The Council of Europe’s Committee for the Prevention of Torture has accused German police of choking and squeezing the genitals of an Afghan asylum seeker who was being expelled from the country, according to Al Jazeera. Politico reported that the incident occurred during the returnee’s flight back to Kabul last August, where officers responded to the man’s resistance by putting pressure on his throat and later squeezing his genitals for periods of time to elicit compliance. The report called for the immediate end of these two techniques.
“To ill-treat a person by squeezing the genitals, a technique which is clearly aimed at inflicting severe pain to gain compliance, is both excessive and inappropriate,” the report said.
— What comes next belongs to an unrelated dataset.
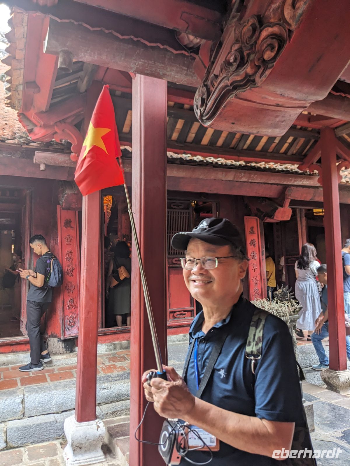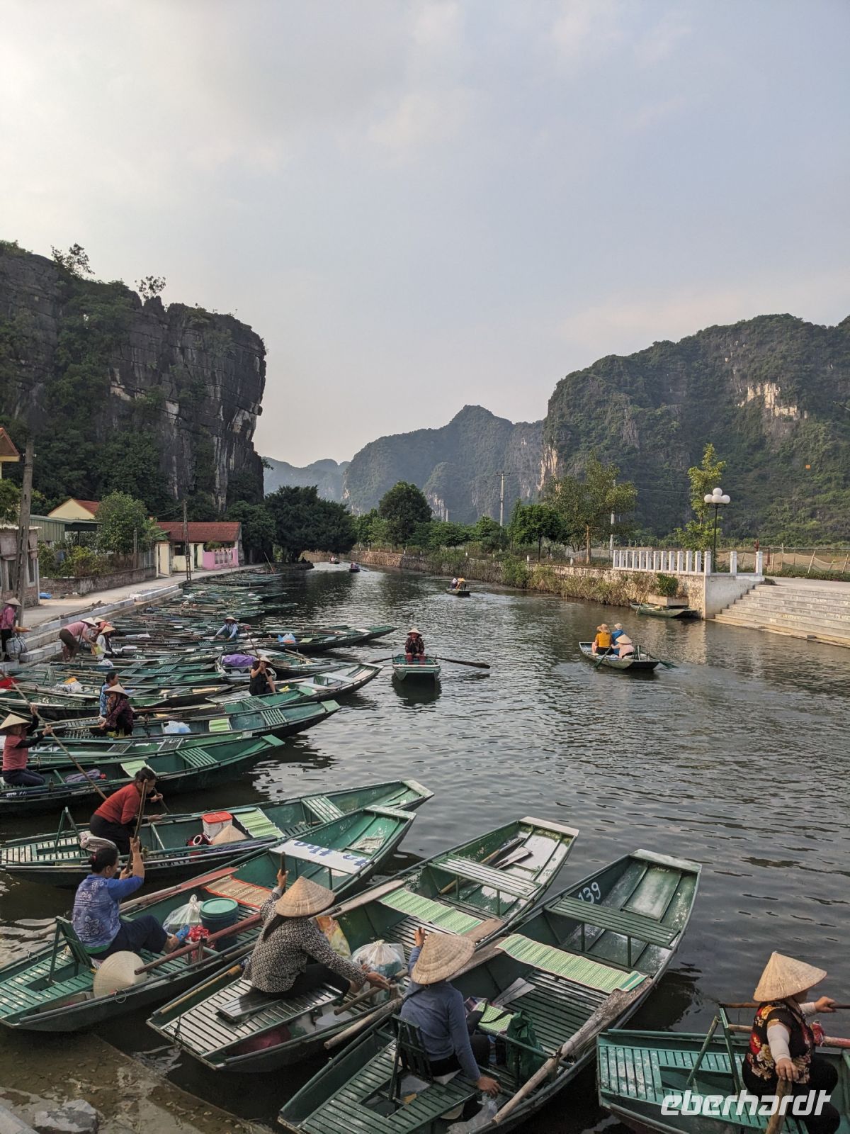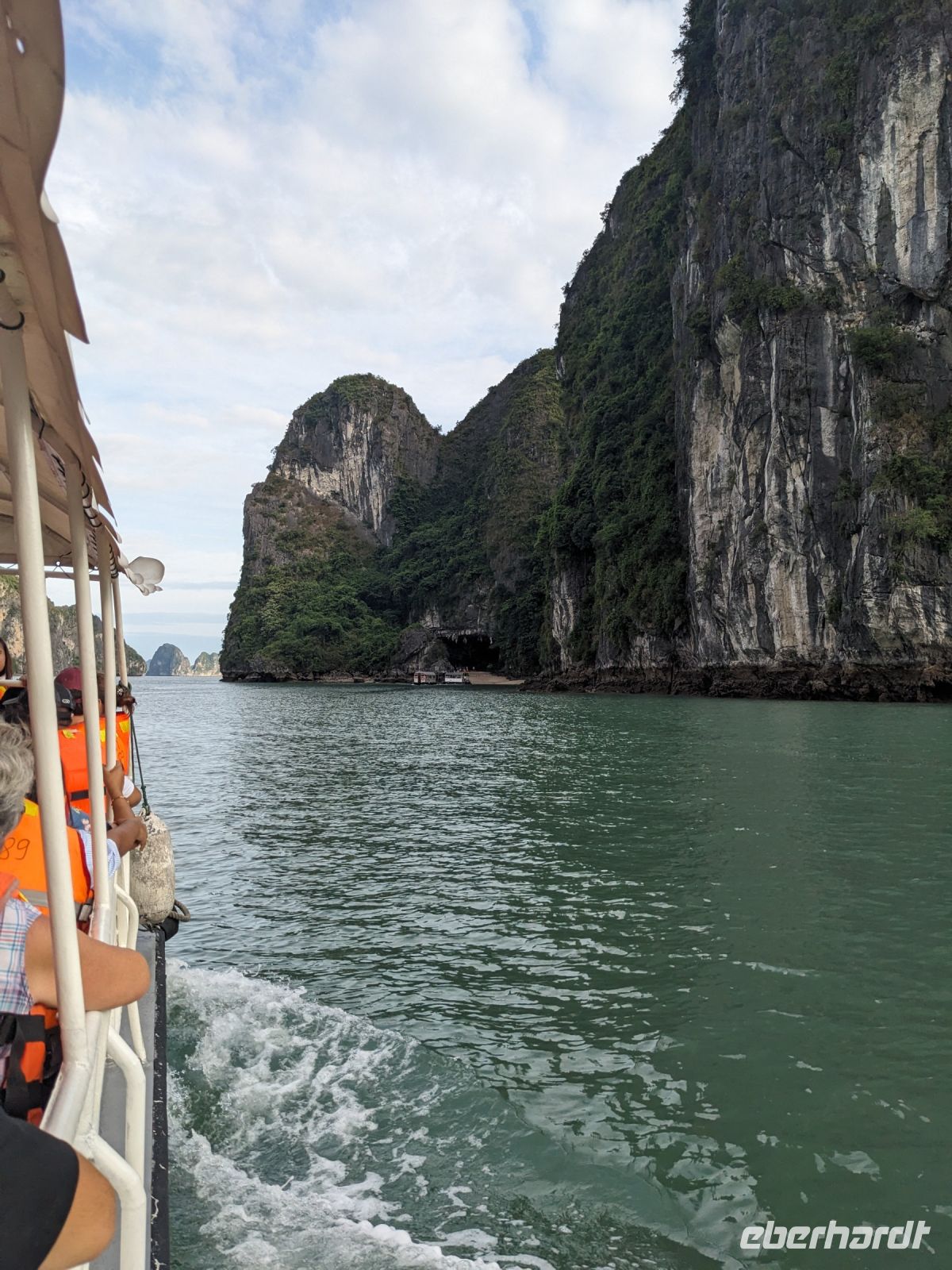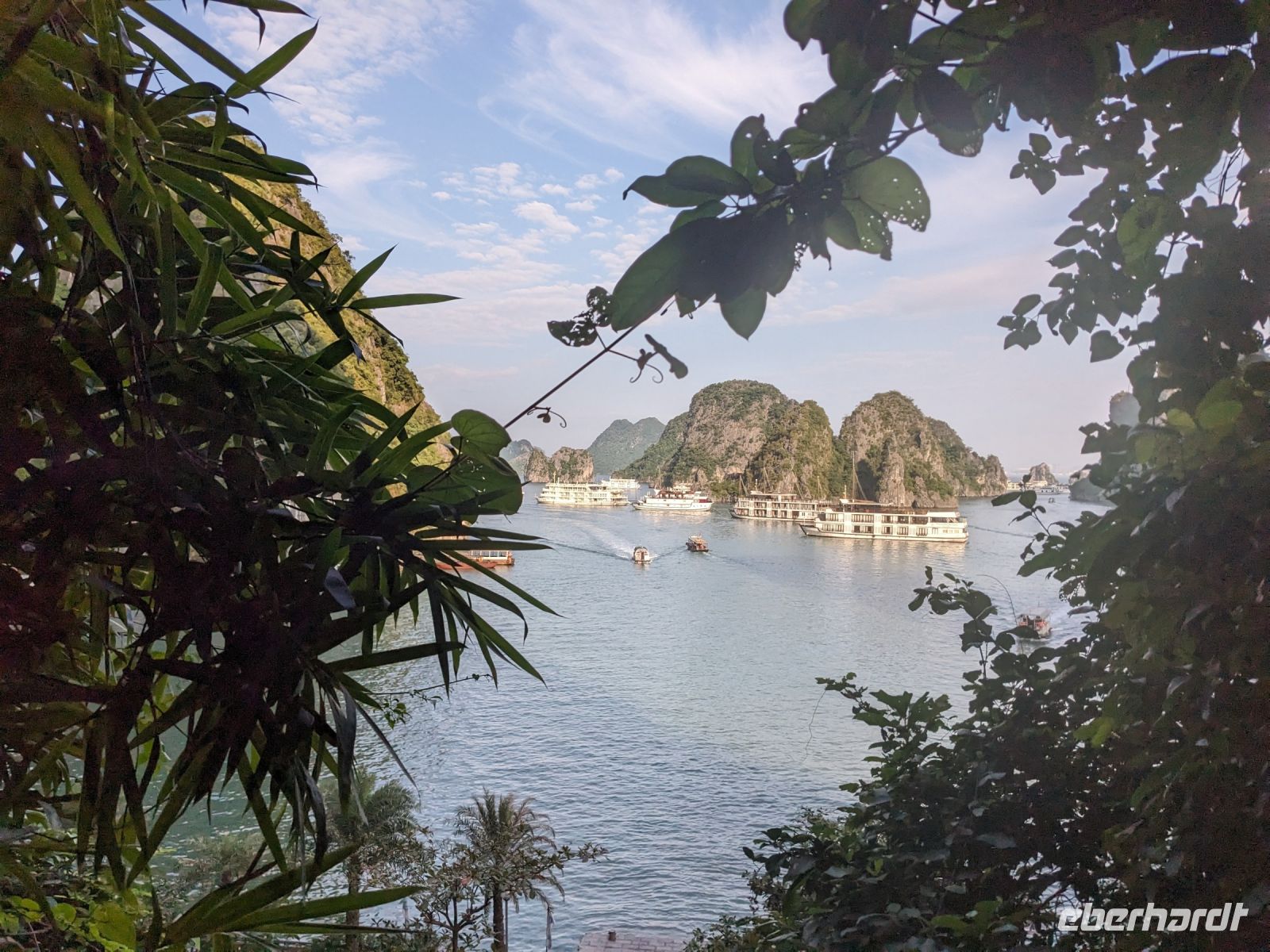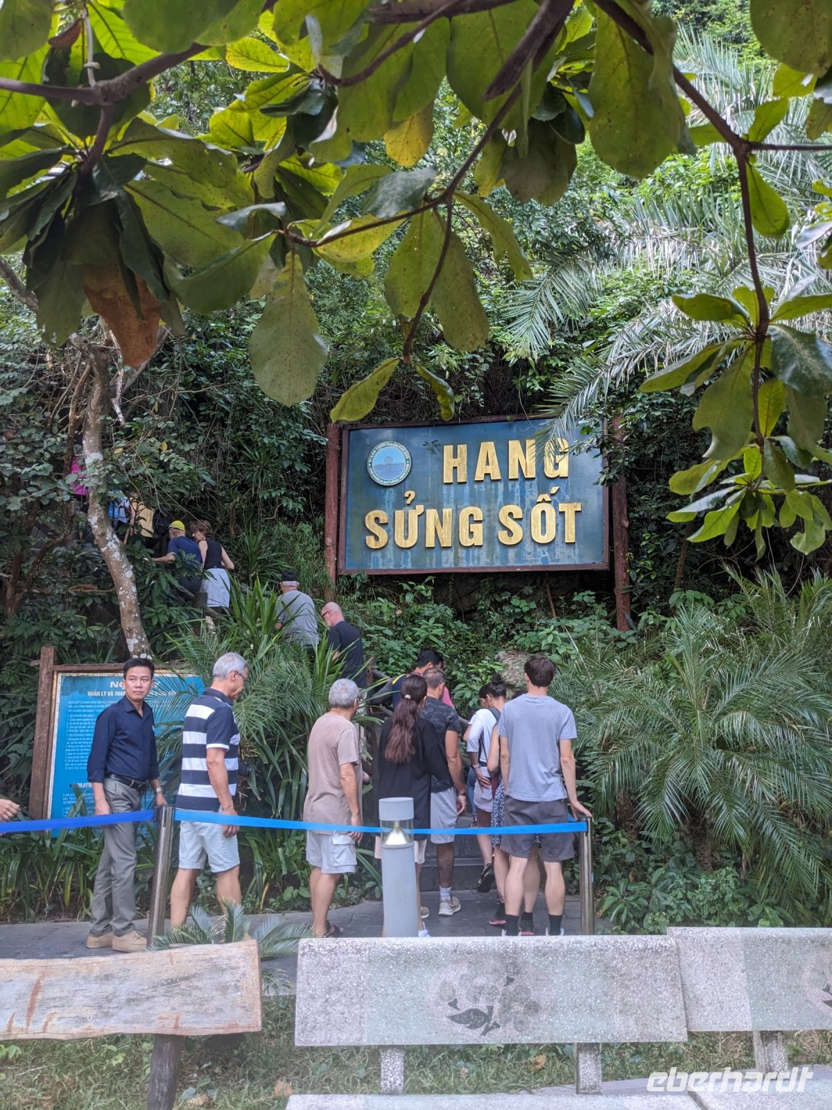 Schon früh am Morgen kamen wir in Hanoi an und fuhren zunächst erstmal zum Hotel, doch aufgrund der frühen Stunde waren unsere Zimmer noch nicht fertig und so machten wir uns nur kurz frisch und zogen dann los auf einen Stadtspaziergang. Noch leicht übermüdet von dem langen Flug kamen hier sehr viele Eindrücke zusammen: der Verkehr, die Wärme, die Gerüche - wo waren wir denn hier gelandet? Es musste also erstmal ein Eierkaffee, eine vietnamesische Spezialität, her. Am Hoan-Kiem-See dann ein Menschenauflauf - und alle in rot. Unser Reiseleiter Lang erklärte uns, dass hier gerade ein Festival stattfindet. In der Innenstadt bestand auch die Möglichkeit für diejenigen, die noch nicht Geld getauscht hatten, dies hier zu tun - als mehrfache Multimillionäre verließen wir dann die Wechselstube - ein schönes Gefühl. Zurück im Hotel blieb noch etwas Wartezeit und schließlich konnten wir unsere Zimmer beziehen - eine Wohltat nach der Anreise! Am Abend trafen wir uns zum Abendessen wieder und anschließend suchten wir noch eine Gasse auf. Aber keine gewöhnliche Gasse natürlich! Hier führten Bahnschienen entlang und bei einem Getränk im Namen von Eberhardt TRAVEL rauschte der Zug nur wenige Zentimeter an uns vorbei - eine unbeschreibliche Erfahrung und wäre hier in Deutschland auf jeden Fall niemals zulässig. Aber genau für solche Momente verreisen wir ja, nicht wahr?

However, it also found that the deportation flight was overall “well prepared and carried out professionally.” German officials have responded to the report by saying it has forwarded the report’s recommendations to federal police.
This abuse of an asylum seeker adds insult to injury to Germany’s policy of deporting Afghans who are not granted asylum. According to CNN, Germany began its policy of deporting failed asylum seekers to Afghanistan at the end of 2016. CNN reports there was a surge in deportations, especially to Afghanistan, to which it has been deemed safe to repatriate asylum seekers despite ongoing violence. In 2017, 470 Afghans were deported from Germany while over 3,000 people were killed and 7,000 injured due to violence in the country. These deported asylum seekers fear being targeted when they return home, and CNN even reports a case where a man took his own life after being deported to Afghanistan.
The flight that flew the Afghan asylum seeker from Munich to Kabul also carried 46 other Afghans whose asylum requests had been denied, according to Al Jazeera. The flight also carried three representatives from the Committee for the Prevention of Torture and 100 German police officers, six of which were involved in detaining the asylum seeker. These policies have caused the number of people seeking asylum in Germany to drop from 722,000 in 2016 to 198,000 in 2017, according to data from CNN. Numbers are projected to fall even further.
This call from an international body to reform the process should open Germany’s eyes to the violence it subjects asylum seekers to, not only during repatriation but also when they return to countries with ongoing violence. The Council of Europe’s participation in overseeing these return flights – of which they have overseen five so far – will be crucial to protecting asylum seekers who are repatriated. However, it could do much more to stop the repatriation of these refugees altogether.